Rosyjski atak nuklearny umocniłby opozycję, zmieniłby neutralność wobec Rosji i groziłby złamaniem sojuszu z Chinami. Zniweczyłoby to wszelkie szanse na wynegocjowane porozumienie z Ukrainą i przekształciłoby konflikt w wojnę totalną bez żadnych ograniczeń, co jest niebezpieczną sytuacją, biorąc pod uwagę militarną słabość Rosji. Chociaż niektóre twardogłowe elementy w Rosji mogą pochwalić ten ruch, wzywając od jakiegoś czasu do strajków nuklearnych, widząc, że „specjalna operacja wojskowa” przeradza się w wojnę nuklearną, prawdopodobnie straciłaby znaczną część poparcia Putina w Rosji. A dzieje się tak, zanim zareagują Stany Zjednoczone lub inne mocarstwa.

Ale być może patrzymy w złym kierunku, gdy zakładamy, że chodzi o atomówki.

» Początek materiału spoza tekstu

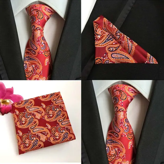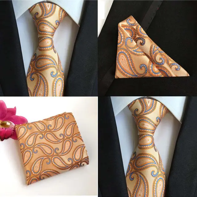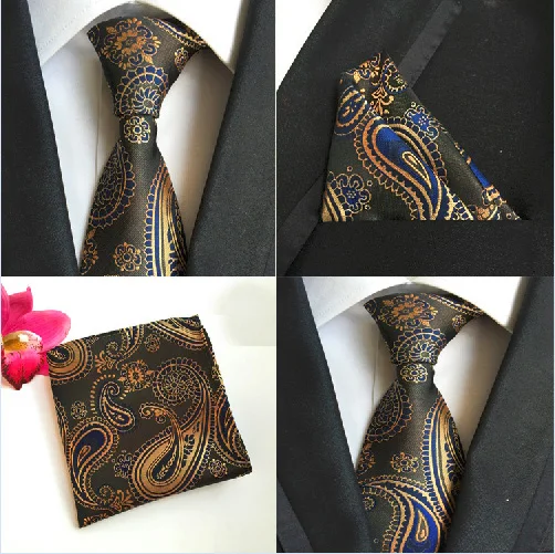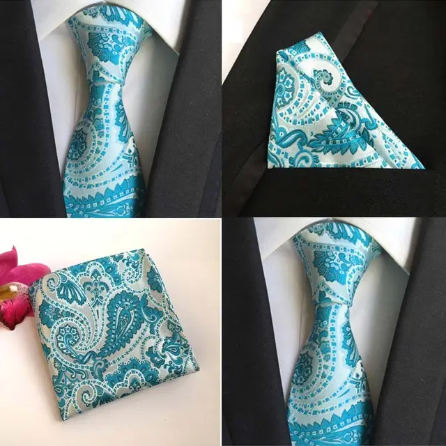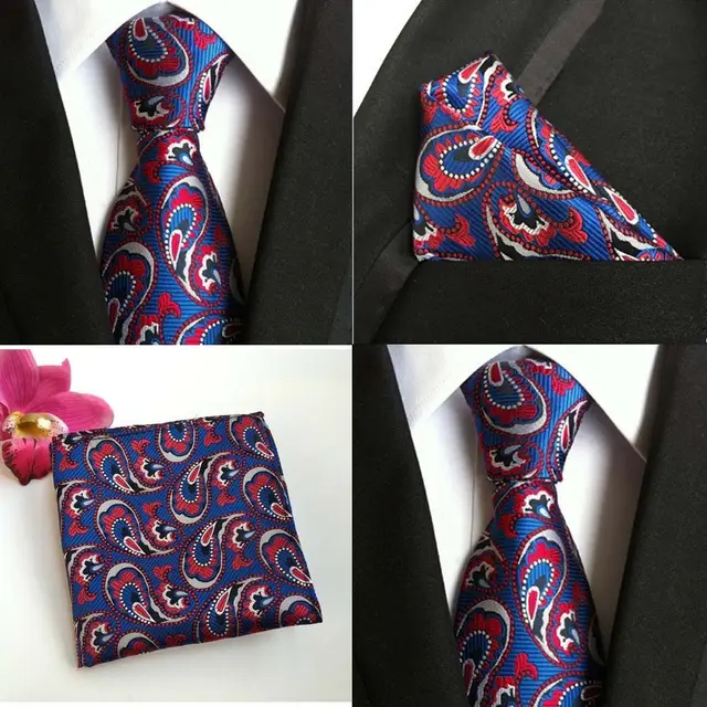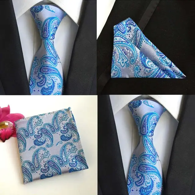 | [해외]공장 클래식 남성 100% 실크 웨딩 파티 비즈니스 넥타이 손수건 세트 10 스타일 페이즐리 포켓 광장 넥타이 손수건 넥타이 |

Jednym z aspektów, który do tej pory nie był brany pod uwagę, jest to, że kiedy Putin mówi o „wszystkich dostępnych nam środkach”, może myśleć o innych opcjach. Kiedy siły konwencjonalne zawiodły w Syrii, reżim wspierany przez Rosję uciekali się do ataków z użyciem broni chemicznej na cywilach terroryzujących opozycję. Biorąc pod uwagę taki precedens, broń chemiczna może wyglądać na atrakcyjny sposób na podniesienie stawki bez przekraczania progu nuklearnego. Ponownie należy zauważyć, że wpływ militarny będzie prawdopodobnie bardzo niski: strajki chemiczne na Ukrainie byłyby bardziej prawdopodobne jako sposób na eskalację Trwająca kampania Rosji ataków na cele cywilne. Prawdopodobnie nie pomogłoby to Putinowi, ale w tym momencie może zechcieć spróbować prawie wszystkiego.

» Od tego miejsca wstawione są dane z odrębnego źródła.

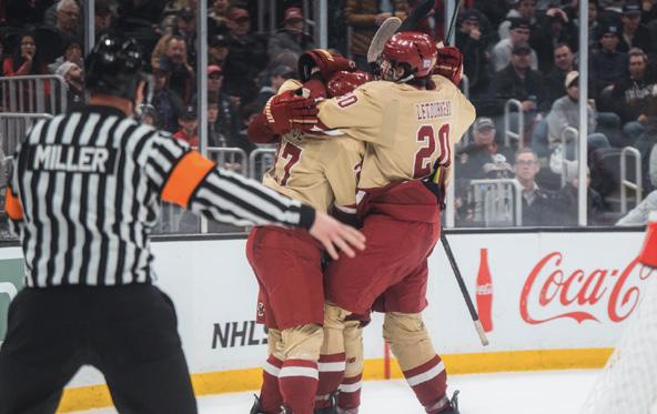 night with a 4–3 overtime victory, upsetting then-No. 12 Northeastern. Sophomore Cole Hutson scored the game-winning goal in overtime, lifting then-No. 18 BU to a statement victory. Overall, though, the Terriers’ season has often stood in stark contrast to that high.

„To nie blef” – upierał się Putin, co oczywiście rodzi pytania, czy jest to blef. Blefując czy nie, ma niewiele kart do zagrania. Częściowa mobilizacja nie pomoże na krótką metę, a on już dorzucił wszystkie dostępne siły konwencjonalne.

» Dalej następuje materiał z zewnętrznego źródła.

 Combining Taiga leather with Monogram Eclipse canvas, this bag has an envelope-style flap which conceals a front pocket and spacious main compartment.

Tymczasem ludzie wokół Putina również mogą rozważać swoje opcje. To jest wojna Putina i inni mogą chcieć z niej zrezygnować, zamiast ponosić coraz większe straty militarne i gospodarcze. Dyskusja o zamachu w pałacu jest głośniejszy niż kiedykolwiek, a jego przemówienie nic nie zmieni.